Pinning Tool Versions
When installing Cargo subcommands, pin the version. An unpinned
cargo install cargo-audit will install whatever the latest release is at the
time the job runs, which can introduce new warnings or behavior changes that
have nothing to do with your code:
# Unpinned — may change between runs:
cargo install cargo-audit
# Pinned — deterministic:
cargo install cargo-audit@0.21.0
Nix
For projects that already use Nix, running CI inside a
Nix development shell pins the Rust toolchain, all system dependencies, and all
auxiliary tools to exact versions via the flake lockfile. This achieves all of
the above in one step. The tradeoff is adoption cost: Nix has a steep learning
curve, and adding it solely for CI reproducibility is rarely worth it. But for
projects that already have a flake.nix, using it in CI is a natural extension.
It also means developers can run the same checks locally and be confident that
the outcome matches CI. The platform subchapters cover how to set up Nix in
GitHub Actions and
GitLab CI.
Each CI platform also has its own reproducibility concerns (action versions in GitHub, Docker image tags in GitLab, runner images), which are covered in the respective subchapters.
Security
CI jobs often need access to secrets: registry tokens for publishing crates, deployment credentials, API keys for external services. If your repository accepts contributions from external developers, those developers’ merge requests will trigger CI runs. Depending on how your CI is configured, those runs may have access to your secrets.

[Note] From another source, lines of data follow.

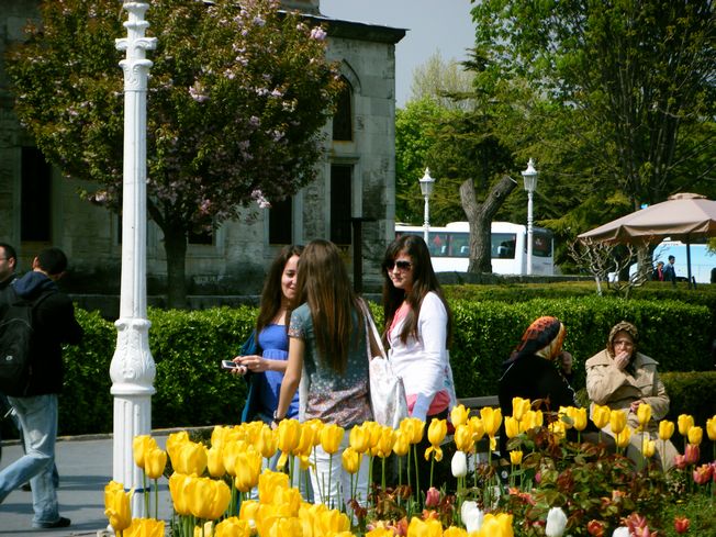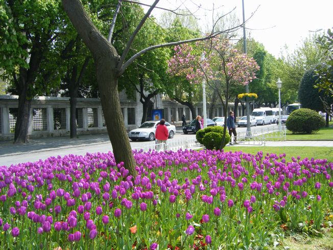 春の短いイスタンブール。チューリップが咲いているのは一年で2~3週間だそうで、ガイドさんは、私たちがイスタンブールに入るころにはとっくに散っているだろうとおもっていたらしいんだけど、寒の戻りや天候の悪さに助けられ、私たちをまっていてくれたのでした。
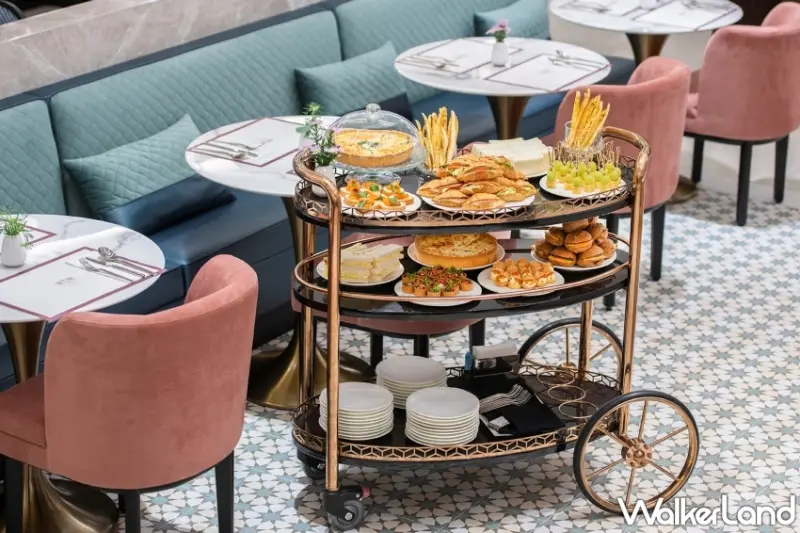 除了優雅的室內設計,全新的歐風下午茶推車吃到飽,以歐式雅緻奢華為靈感,特別訂製高質感三層玫瑰金花邊午茶推車,擺放多達30種以上甜鹹美點,營造溫柔曼妙的歐洲仕女午茶饗宴。其中,經典鹹食主廚推薦「黑松露菌菇小鹹塔」,濃郁菌菇香氣,融合黑松露香,入口滿是奢華滋味;「鮭魚菠菜鹹派」 ,派皮香酥可口,佐以燻鮭魚、菠菜、蛋液,香濃不膩口。
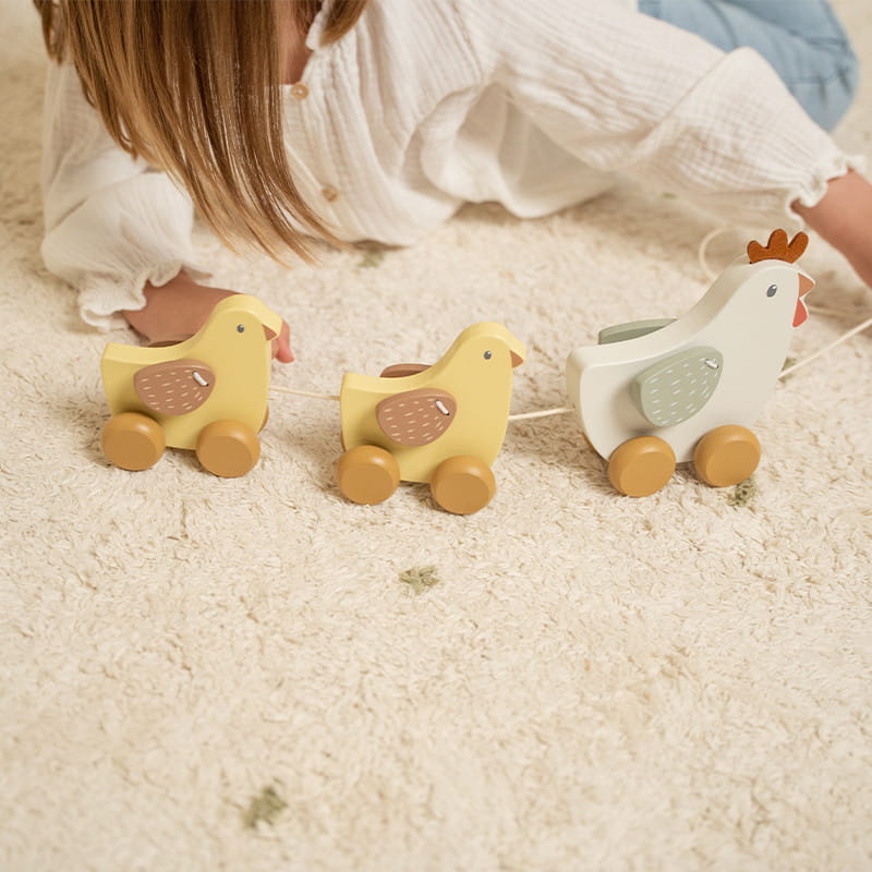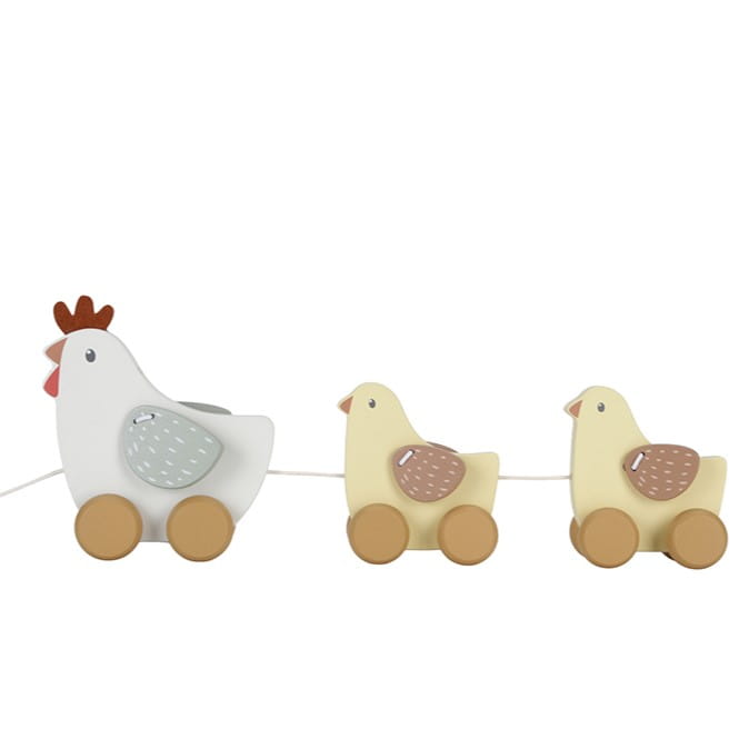 Te urocze drewniane kurki nie mogą doczekać się wspólnych przygód! Pociągnij za sznurek i wyruszaj na wycieczkę razem z nimi.
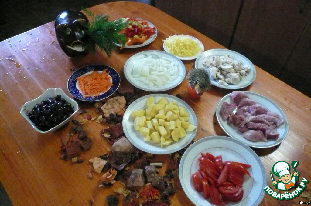 Порезали морковь, лук, картошку, грибы, мясо, помидоры. Затем пережариваем лук с морковью и отдельно помидоры с чесноком и грибами.
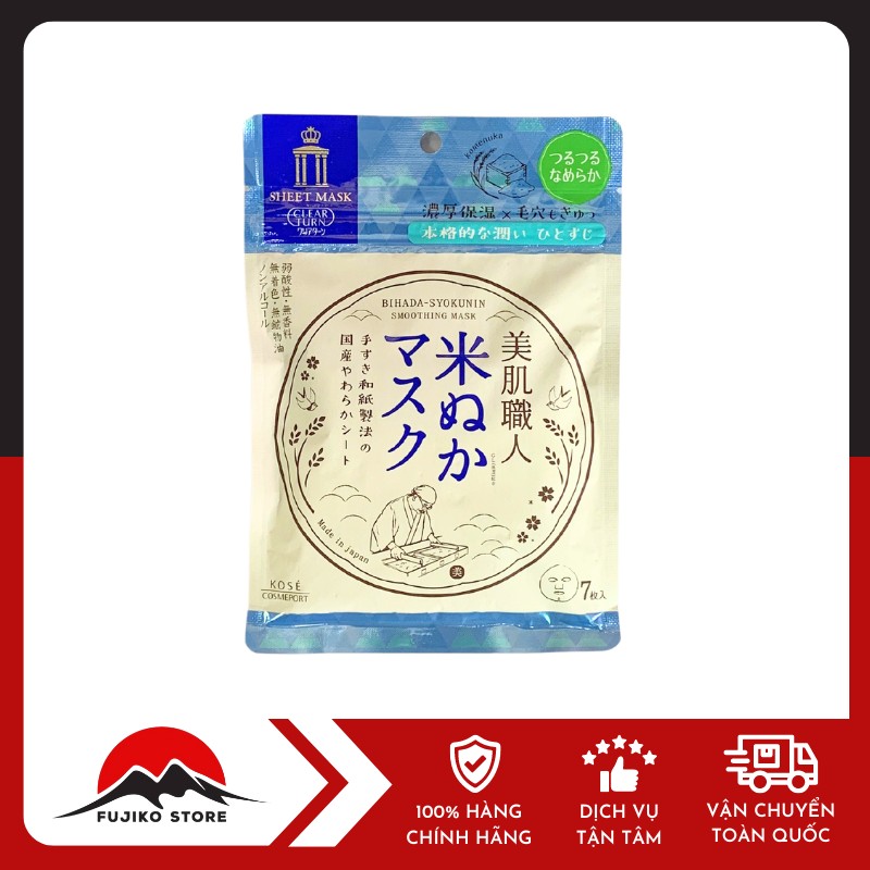 Mặt nạ dưỡng mềm mịn da chiết xuất cám gạo Clear Turn KOSE giúp cấp ẩm và nuôi dưỡng làn da mềm mại, mịn màng. Mặt nạ được sản xuất theo phương phát thủ công bởi nghệ nhân lành nghề Nhật Bản với nguồn nước suối tinh khiết và nhiều thành phần làm đẹp từ tự nhiên được chọn lựa kỹ càng.
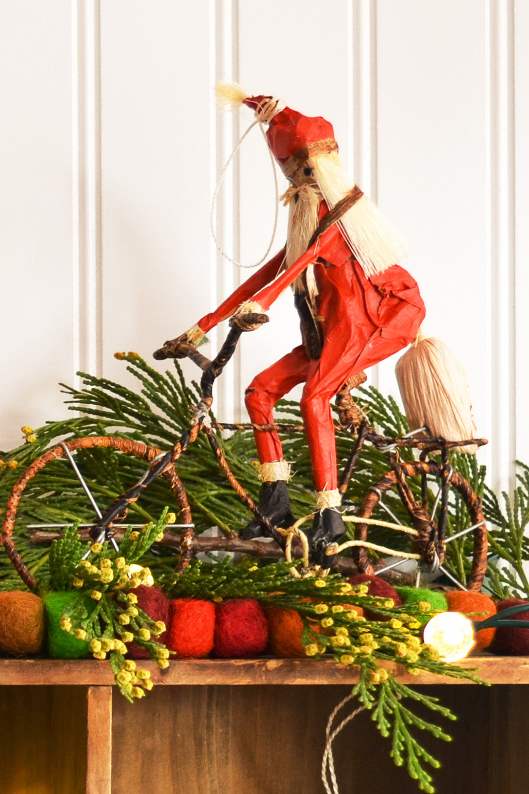 Kenyan artisans use dried banana leaf, corn husk, sisal, recycled paper and wire to portray Santa Claus making a last-minute Christmas delivery on his bicycle. Complete with a little sack of treats, this uniquely African ornament will be sought out to add to the tree, year after year.
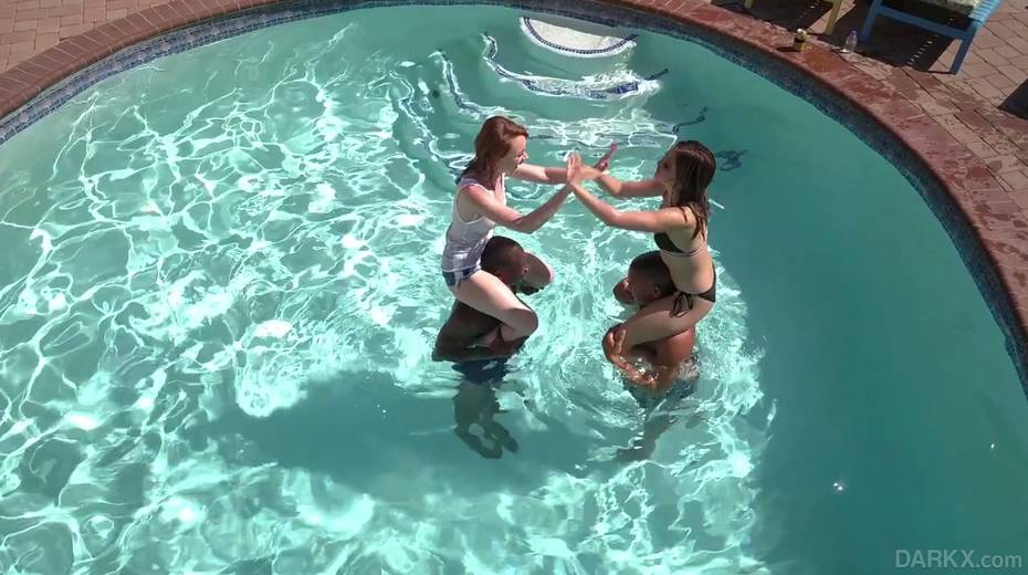 Two black fellows fuck Jane Wilde and her nasty GF by the poolside
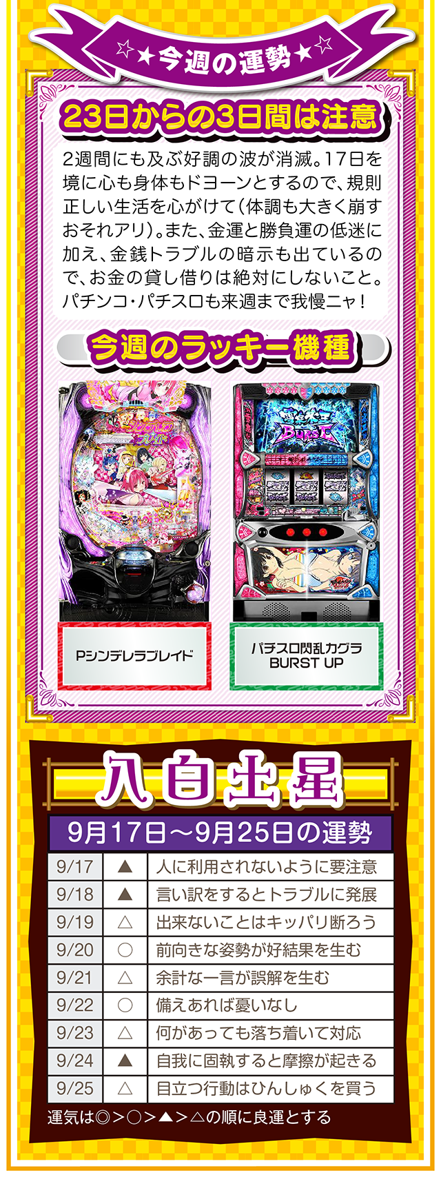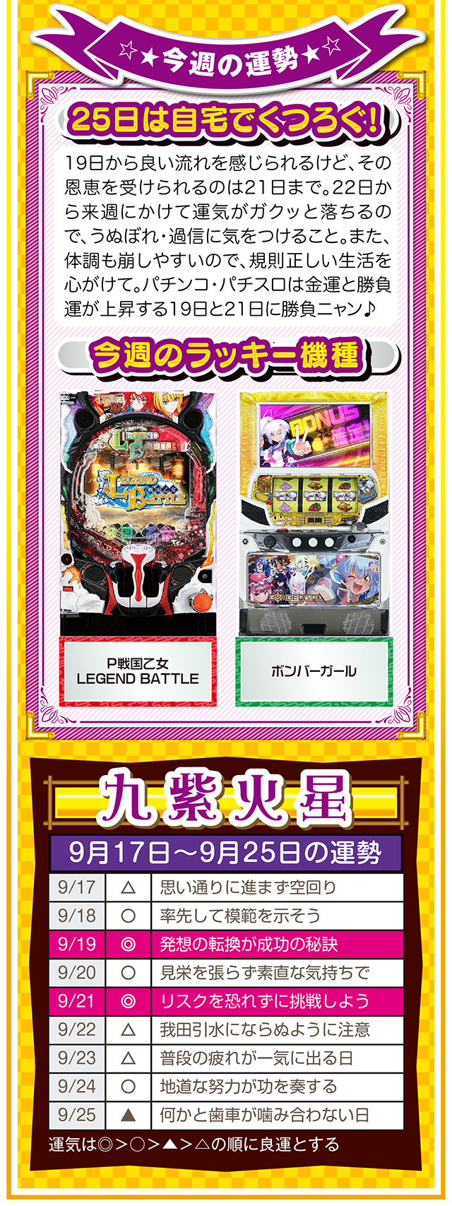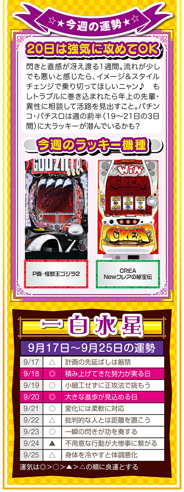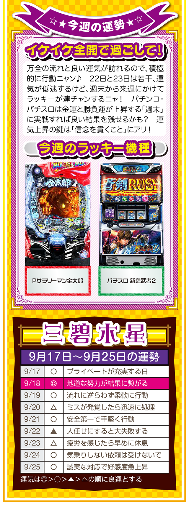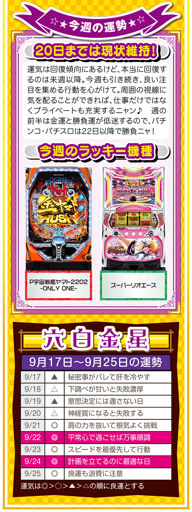 上手く進まない状況を楽しみつつ、不平不満と愚痴を未来への希望に繋げる。本当に頑張っている人に、運とかツキが味方することも覚えておいてほしいニャン。というわけで早速、9月19日から25日の1週間を鑑定ニャ(それでもマッチングアプリに登録する勇気がないフォー・チュンチュンが、今週もオマケとして17日と18日の運勢も鑑定したニャン♡)!

This is a real attack vector. An attacker can submit a merge request that modifies CI configuration or test code to exfiltrate secrets to an external server. The specifics of how to mitigate this differ by platform — protected variables, environment scoping, restricted triggers — and are covered in the GitHub Actions and GitLab CI chapters. The important thing is to be aware that CI pipelines are an attack surface and to think carefully about which jobs need which secrets and who can trigger them.
Reading
Continuous Integration by Martin Fowler
In this article, Martin summarizes continuous integration practices. In his own words:
Continuous Integration is a software development practice where each member of a team merges their changes into a codebase together with their colleagues changes at least daily. Each of these integrations is verified by an automated build (including test) to detect integration errors as quickly as possible. Teams find that this approach reduces the risk of delivery delays, reduces the effort of integration, and enables practices that foster a healthy codebase for rapid enhancement with new features.
Continuous Integration by Software Engineering at Google
A chapter on Google’s approach to continuous integration. The chapter argues that the cost of a bug grows the later it is caught, so CI should shift detection as early as possible. To do this effectively, split your tests: fast, hermetic tests run on every merge request, while slow or non-deterministic tests run post-submit. The system only works if developers trust it, which means investing in test reliability. Flaky or non-hermetic tests erode that trust, and developers quickly learn to ignore CI results that regularly fail for reasons unrelated to their changes. A case study illustrates the impact: moving end-to-end tests from nightly to post-submit within two hours cut the set of suspect changes per failure by 12x.